Iraqi Christians appeal for religious freedom

VATICAN CITY (RNS)–Iraq's Christian patriarchs and bishops have appealed for full religious, social and political freedom for the Christian descendants of the prophet Abraham in Iraq's new regime.

The Vatican issued the text of a joint statement made in Baghdad by leaders of the Chaldean, Assyrian, Syrian, Armenian, Greek and Latin rite churches in Iraq, where Muslims make up 90 percent of the population of 23 million.

The leaders said they hoped that “all the Iraqi people, who have known a long history marked by conflicts and successes, may live without distinction of religion or race in liberty, justice and respect in inter-religious and multiethnic coexistence.”

Emphasizing Iraq's ancient culture, the leaders referred to the code that Hammurabi, king of Babylon, etched in stone, making law “the basis of the development of civilization,” and to Abraham of Ur, who became “the father of a multitude of peoples.”

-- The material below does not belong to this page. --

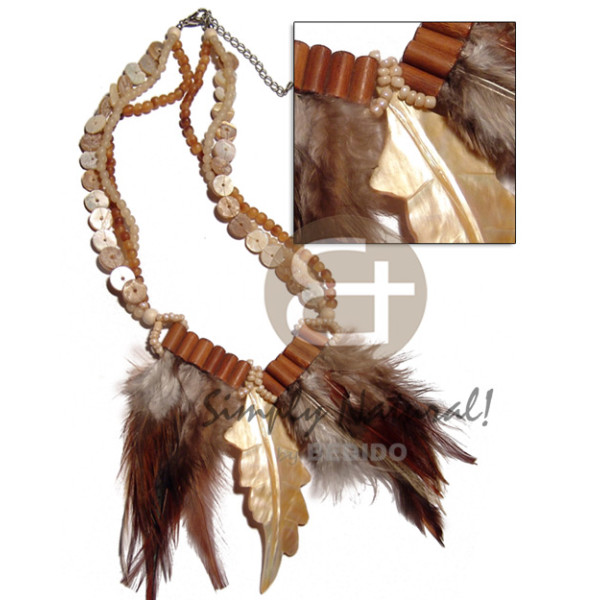3 layers horn beads and floating shell heishe feather on bamboo tube and 80mmx35mm MOP leaf pendant..

It was in Iraq, they said, that Christianity and Islam met in “a respectful reciprocal coexistence.”

“By virtue of our origins as part of the most ancient people of this Earth, we demand for us and for all those who today inhabit it–constituting a majority or minority, united by a long history of coexistence–to live as full members in a state of law in peace, liberty, justice and equality according to the Charter of the Rights of Man,” the leaders said.

Iraq's new constitution must recognize Christians' “religious, cultural, social and political rights,” allow all citizens to take part in government, give Christians full citizenship and guarantee them full religious rights, the statement said.

The leaders said they wanted specific guarantees of “the right to profess our faith according to our ancient traditions and our religious norms, the right to educate our children according to Christian principles, and the right to organize freely, to build places of worship and, when necessary, other spaces for cultural and social activities.”